Unfortunatley, assessing our MVP production quantitavely was not possible to a satisfying degree. However, Prof.  Bailer mentioned that VLP quantification generally is complicated, as there is no sophisticated method to date.
Considering that our particles could be used in health care, among other things, we wondered how to deal with new therapeutics. She told us that every new application has to get a new approval. That would cause more bureaucracy for the companies. However, some other experts like Prof. zur  Hausen and Dr. Stefan Schülke told us that in case of the modularity our system could save costs and effort. The reason for the lower effort and costs is, that some standard tests could be done only once and lead to many different applications.

During our Human Practises work many people mentioned the aspect of the toxicity of the particles. We were often referred to the Paul-Ehrlich-Institut (PEI) to have a closer look at this topic. There we talked to Dr. Schülke. During the conversation he confirmed that Virus-like particles (VLPs) without modifications are usually not very immunogenic because they only consist of the virus shell but lack the immune-activating viral genetic material packaged within the particles.
When we visited the PEI we also did an endotoxin test and the results showed us that we would need more purification steps until an application in the human body will be possible, as a production in E. coli produced a high rate of endotoxins. However, with pure proteins and in vitro assembly, the endotoxin levels were lower, showing the potential of additional purification steps.

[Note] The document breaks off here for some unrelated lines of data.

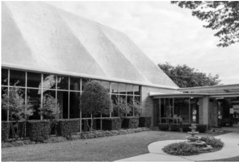
Figure 9. O'Neil Ford, First Christian Church, Denton, 1958–59.
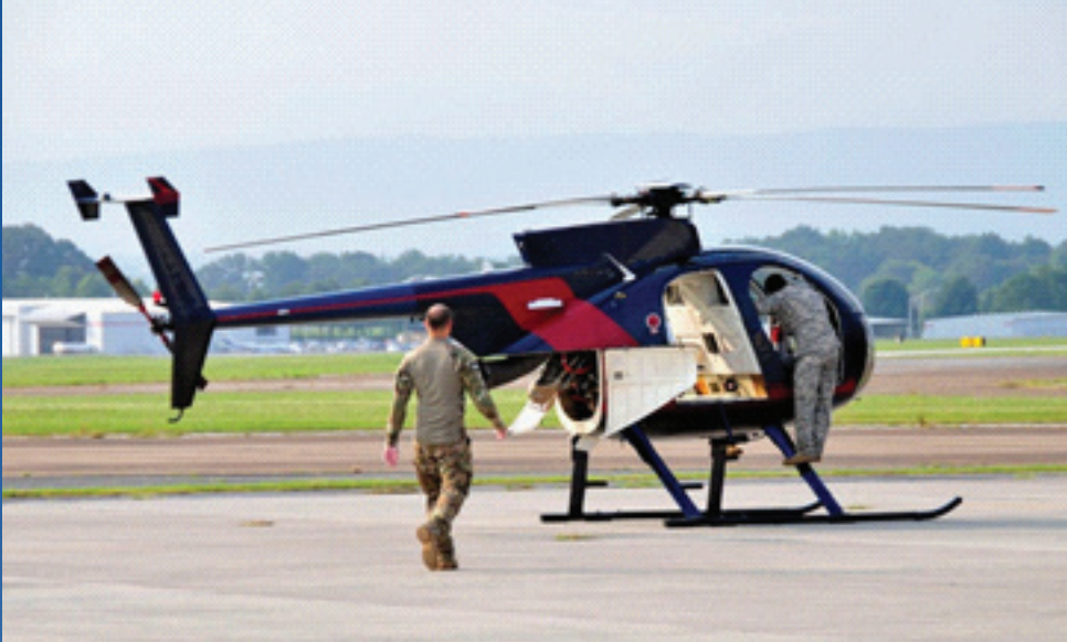
A DEA special agent and an Army National Guard pilot conduct pre-flight checks on an aircraft at McGhee Tyson Air National Guard Base, TN as part of the DEA aviation division's ERAD program.

The Tennessee National Guard recently teamed up with the U.S. Department of Justice Drug Enforcement Administration (DEA) Aviation Division's Mobile Cannabis Eradication Response Team (M-CERT) in support of an annual Cannabis (marijuana) eradication program better known as "ERAD".
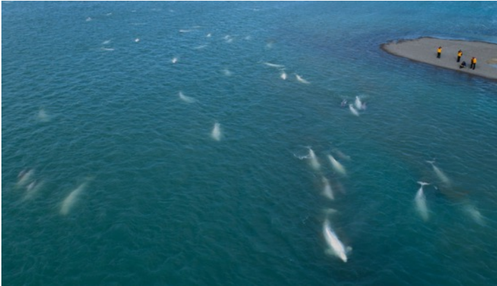
Beluga Whale Congregation

In the morning, get a quick introduction to the lodge's ATV's, and then go on a short walk to the Cunningham River estuary. Marvel as hundreds of beluga whales take shelter in the river mouth, only a few yards from shore. Observe these unique mammals socializing and hear their unique sounds they use to communicate. After lunch, you may hike to the five-story Triple Waterfall with opportunities to see nesting peregrine falcons, loons, snow buntings, sandpipers, and rough-legged hawks. On your way back to the lodge, you'll cross a picturesque canyon with opportunities to see musk oxen wandering amongst beautiful Arctic flowers.
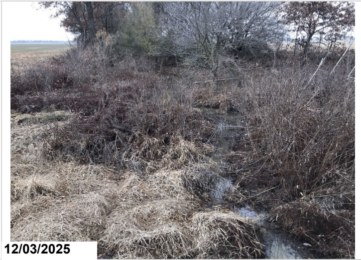
Channel on the Left.
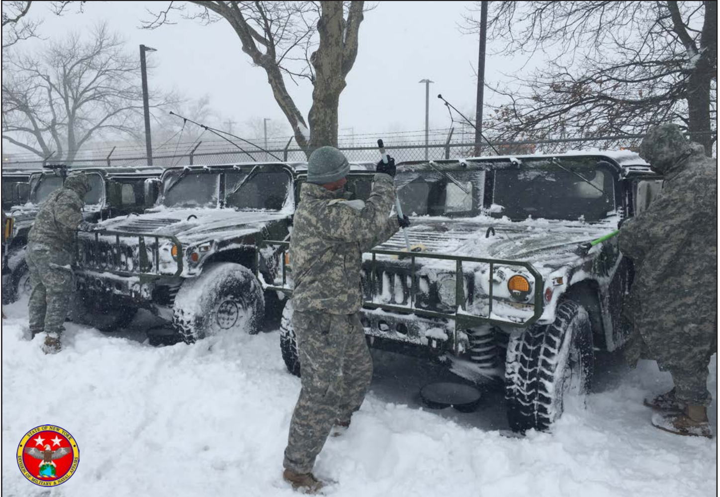
Soldiers of Joint Task Force Empire Shield clear snow from Humvees at Fort Hamilton, Brooklyn, on Jan. 23 as a major blizzard hits New York City.

The New York National Guard mustered 51 vehicles and had 329 Soldiers and Airmen on duty and ready to respond as a massive blizzard hit Long Island and New York City on Jan. 23.
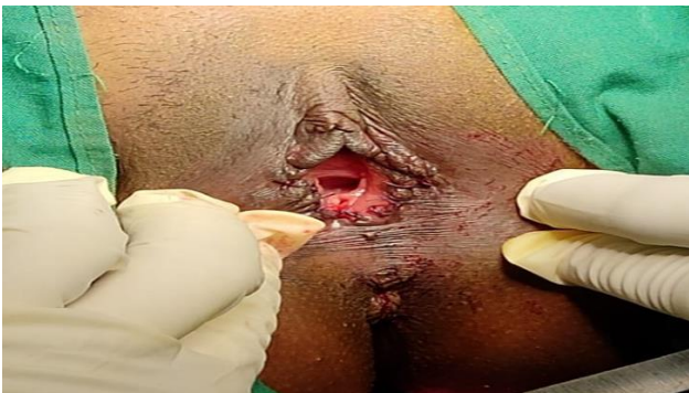
Figure 4: Edges of the incision repaired by vicryl 2/0.
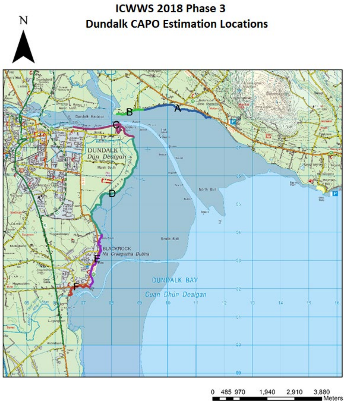
Figure 3.1: Estimation Locations for Dundalk
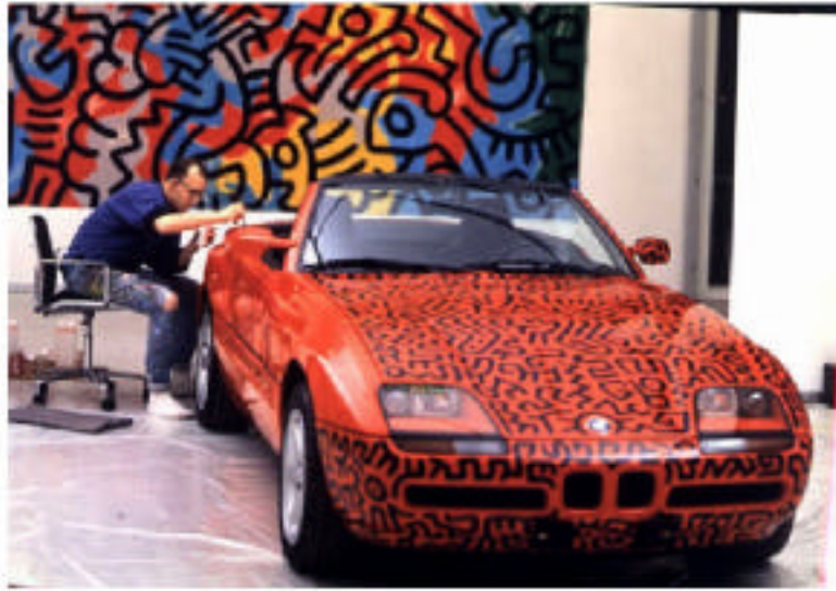
Keith Haring painting a BMW convertible in 1989.

Use your imagination to design your own painted car. What color would you want it to be? What patterns or pictures would you like your friends to see when you drive your car?

Dr. Schülke mentioned the potential of VLPs for passive immunization against potentially fast-acting diseases. We concluded that our focus on vaccines as a possible application was justified. Additionally, Prof. Bailer mentioned that VLPs as particles do not need adjuvants, which could cause problematic side effects. She explained that due to the surface structure of the particles there is also the possibility to expose many antigens what makes them potentionally highly effective. Dr. Schülke also mentioned that there are already existing VLP-based vaccines authorized for human usage, for example against infection with the human papillomavirus (HPV) or Hepatitis B. Being interested in those already existing vaccines, this input led us to contact the Nobel laureate Prof. zur Hausen later on.